Net sales for the quarter were $9.14 billion, up 1% compared to prior year
second quarter sales of $9.09 billion. Worldwide unit volume grew 2% from the
second quarter a year ago. The difference between the sales and unit volume
trends was largely due to weaker currencies in Europe and Asia, primarily
Germany and Japan.
For the first six months of the fiscal year, worldwide net earnings were $1.92
billion, an 11% increase over the prior year. Earnings per share were $2.74 per
share, a 12% increase over the prior year. Worldwide unit volume for the first
six months was up 2% over the prior year, while net sales were stable, primarily
reflecting unfavorable exchange rates.
The company's results were impacted by competitive pressures in Japan and
difficult economic conditions in Latin America. In addition, the continued
roll-out of the Efficient Consumer Response program (ECR) within Europe and Asia
has impacted results. Specifically, as ECR is rolled out in new markets, trade
inventories are reduced, which negatively impacts short-term growth rate trends.
When implemented several years ago in the United States, this program resulted
in negative short-term business effects, but yielded stronger consumer loyalty
and improved profit margins longer term.
Gross margin was 44.6% for the current quarter, compared to 42.1% in the second
quarter of the prior year and 41.2% for the full fiscal year ended June 30,
1996. The key driver of the gross margin improvement has been lower commodity
prices, primarily pulp which declined in the latter part of the prior year, and
cost reduction programs throughout the company. Operating margin was 16.6%
compared to 14.9% in the prior second quarter and 13.6% for the prior fiscal
year, reflecting the higher gross margins, partially offset by increased costs
related to marketing, research and administrative activities.
North America
- -------------
Net sales for the North America region increased 3% compared with the same
quarter a year ago, on a 5% unit volume increase. The net sales and unit volume
progress was achieved despite capacity constraints in certain key categories,
particularly tissue and towel. Net earnings for the region increased 15%,
benefiting from lower commodity prices and cost reductions.

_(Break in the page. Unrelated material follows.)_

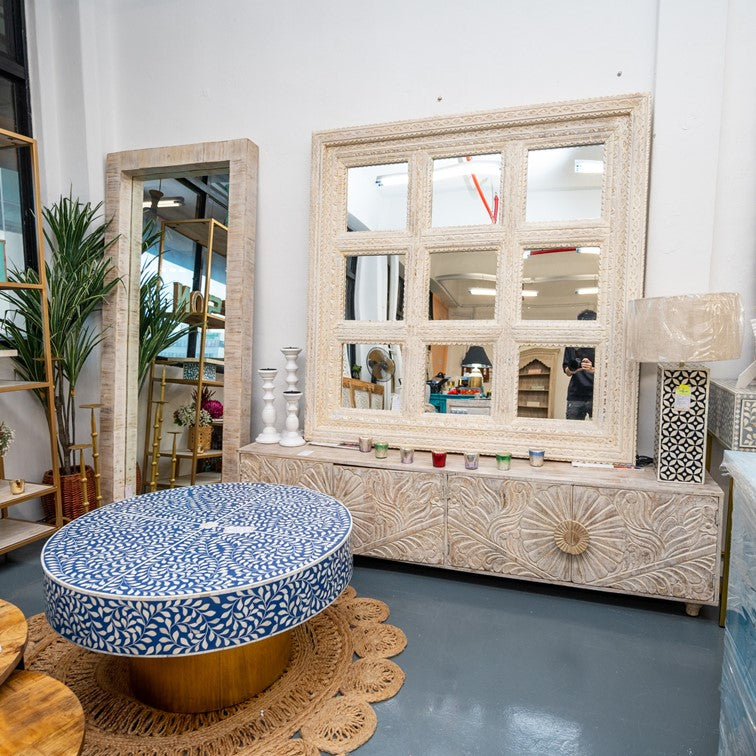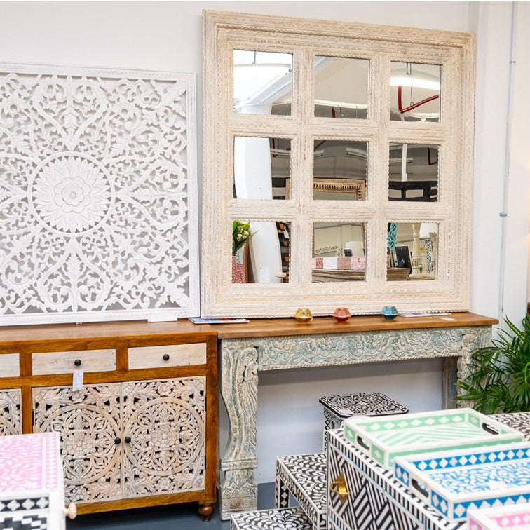 And hence you do not want to miss out on this hand carved mirror frame with intricate wood work and a distressed white finish.

The region's volume growth was led by the laundry and cleaning business,
specifically, strong growth in the laundry and fabric softener categories. Food
and beverage also posted strong volume growth on the strength of the snacks
category, which is benefiting from increased capacity, and the coffee category.

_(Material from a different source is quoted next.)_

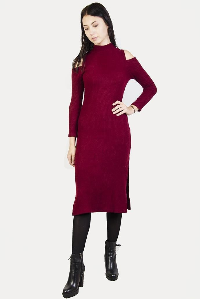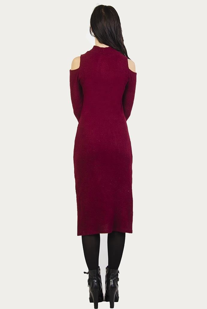 Bordowa, prążkowana sukienka midi z wycięciami na ramionach

The paper business also increased total unit volume, despite continued capacity
constraints in the tissue and towel categories, due to growth generated from
feminine hygiene products. The paper business led the region's earnings growth,
primarily due to lower pulp prices, which declined in the latter part of the
prior year. Beauty Care increased volumes, led by strong growth in the hair
care and deodorants categories. Excluding the impacts of the prior year
divestiture of the Company's share of a joint venture, unit volume in the
health care business increased modestly due to increased volume in oral care.
Importantly, despite the modest unit volume growth, health care's earnings
showed significant improvement due to increased licensing activity.
For the first six months of the fiscal year, the North American region had net
sales and unit volume growth of 2% and 3%, respectively. Net earnings increased
12% over the same period in the prior year.
Europe, Middle East and Africa
- ------------------------------
Net sales in Europe, Middle East and Africa for the second quarter were stable,
as unfavorable exchange rates and lower pricing offset a 4% increase in volume.
Net earnings for the quarter grew 24% compared to the same period a year ago,
reflecting the margin improvement impact of lower costs, led by pulp.
Central and Eastern Europe led the region's volume growth, increasing shipments
by nearly 40%, with strong gains in most core segments. Middle East and Africa
also had double-digit volume growth. Western Europe's unit volume declined
slightly.
For the July-December period, the region's net sales declined 1%. Unit volume
and net earnings increased 4% and 17% respectively, for the same period.
Asia
- ----
Second quarter operations in Asia continue to be impacted by the competitive
environment in Japan, the impact of the ECR roll-out and exchange rate effects.
Sales for the region declined 8% compared to the same quarter of the prior year
on a unit volume decline of 7%. Importantly, China's unit volume growth improved
over the first quarter. A 5% decline in the region's sales attributable to
unfavorable exchange rates was offset by more favorable pricing. Net earnings in
Asia for the second quarter increased 12% on improved margins.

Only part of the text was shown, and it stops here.